Methods	RCT. 3-arm trial.
Participants	Setting: California, USA, women attending a naval medical centre 70 women included in the analysis (2 of 3 treatment arms included, total recruited 105 women) Inclusion criteria: women with “post dates” pregnancy - gestational age 41 weeks confirmed by menstrual dates and pre-20 weeks ultrasound. Uncomplicated pregnancy. Bishop score < 5 Exclusion criteria: women with any contraindication to vaginal delivery
Interventions	(1 intervention group had daily membrane stripping; this group has not been included in the analysis in this review.) Intervention group: intracervical PGE2 0.5 mg, daily for 3 days Comparison group: gentle cervical examination, daily for 3 days Women were instructed to return to hospital is they had bleeding, membrane rupture, regular contractions of reduction in fetal movements. Once Bishop score = 8 or women reached 42 weeks they were admitted to hospital for induction
Outcomes	Induced at 42 weeks, CS, instrumental delivery.
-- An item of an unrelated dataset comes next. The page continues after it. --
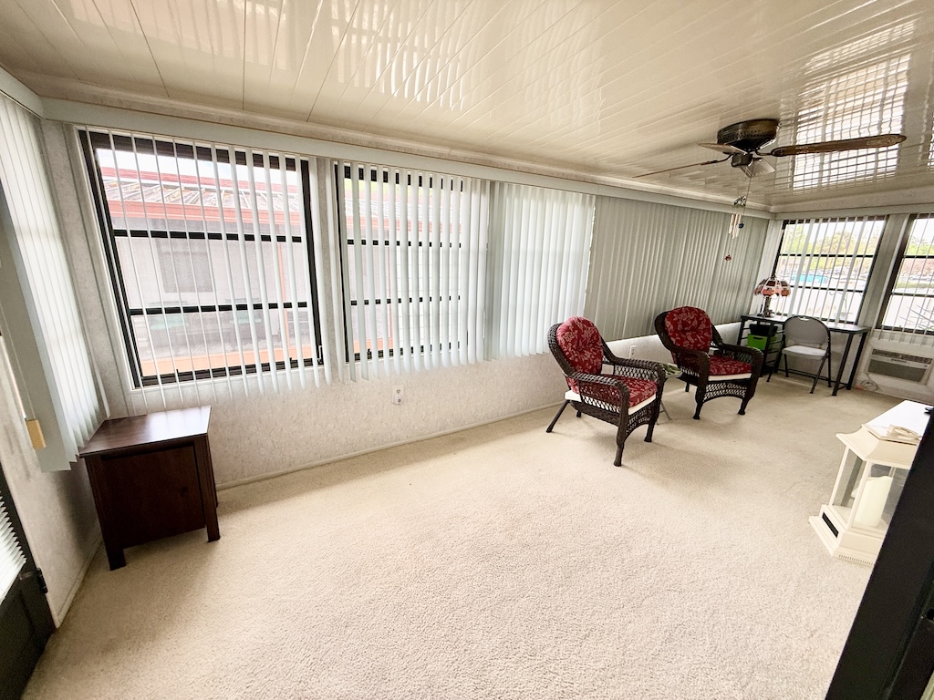 CHARMING, MOVE-IN READY TURN-KEY HOME IN A FANTASTIC PARK IN CENTRAL LAKELAND!! This 2-bedroom, 2-bath home features high vaulted ceilings, energy-efficient double pane tilt windows, an indoor laundry room, and two distinct living spaces, a main living room and a den. The centerpiece of the home, the kitchen, is equipped with a center island and upgraded fridge and dishwasher. Experience the joys of Florida living throughout the year, thanks to a sunroom and screen room. As an added bonus, the screen room contains double doors, allowing you to conveniently drive your INCLUDED golf cart right inside. With no neighbors behind you, a private rear patio, a critter screen around the home’s perimeter, and up to date pest control, this home offers simple, low maintenance living. Schedule your showing today! **Home is sold furnished.**

Apgar score < 7 at 5 min, admission to NICU
Notes
Risk of bias
Item	Authors’ judgement	Description
Adequate sequence generation?	Yes	Random number tables.
Allocation concealment?	Yes	Sealed, opaque, sequentially numbered envelopes.
Blinding? Women	No	Not feasible.
Blinding? Clinical staff	No
Blinding? Outcome assessor	Unclear	Outcome assessment of cervical changes were reported to be blind
Incomplete outcome data addressed? All outcomes	Yes	No apparent loss to follow up.